This is the initial framework to call into the MCI HAL routines and drive
the basic state engine.
The MCI bluetooth coex model uses a command channel between wlan and
bluetooth, rather than a 2-wire or 3-wire signaling protocol to control things.
This means the wlan and bluetooth chip exchange a lot more information and
signaling, even at the per-packet level. The NICs in question can share
the input LNA and output PA on the die, so they absolutely can't stomp
on each other in a silly fashion. It also allows for the bluetooth side
to signal when profiles come and go, so the driver can take appropriate
control. There's also the possibility of dynamic bluetooth/wlan duty cycle
control which I haven't yet really played with.
It configures things up with a static "wlan wins everything" coexistence,
configures up the available 2GHz channel map for bluetooth, sets a static
duty cycle for bluetooth/wifi traffic priority and drives the basics needed to
keep the MCI HAL code happy.
It doesn't do any actual coexistence except to default to "wlan wins everything",
which at least demonstrates that things do indeed work. Bluetooth inquiry frames
still trump wifi (including beacons), so that demonstrates things really do
indeed seem to work.
Tested:
* AR9462 (WB222), STA mode + bt
* QCA9565 (WB335), STA mode + bt
TODO:
* .. the rest of coexistence. yes, bluetooth, not people. That stuff's hard.
* It doesn't do the initial BT side calibration, which requires a WLAN chip
reset.
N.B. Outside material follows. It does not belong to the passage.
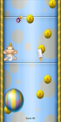 Description: This baby is having a great dream, bounce on huge ball collecting coins. Help the baby keep dreaming preventing it from falling. Collect bottles and pacifiers that will help you on your task.supplied by Harsha
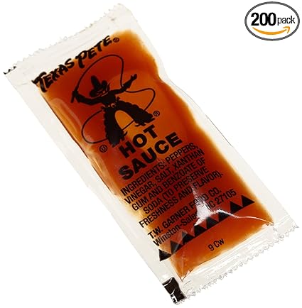 Title : Texas Pete Hot Sauce 7 Gram Portion Pack 200 Case Source : www.webstaurantstore.com Open New Window

I'll fix up the reset path a bit more first before I enable that.
* The 1-ant and 2-ant configuration bits aren't being set correctly in
if_ath_btcoex.c - I'll dig into that and fix it in a subsequent commit.
* It's not enabled by default for WB222/WB225 even though I believe it now
can be - I'll chase that up in a subsequent commit.
Obtained from: Qualcomm Atheros, Linux ath9k
bcf5fc498a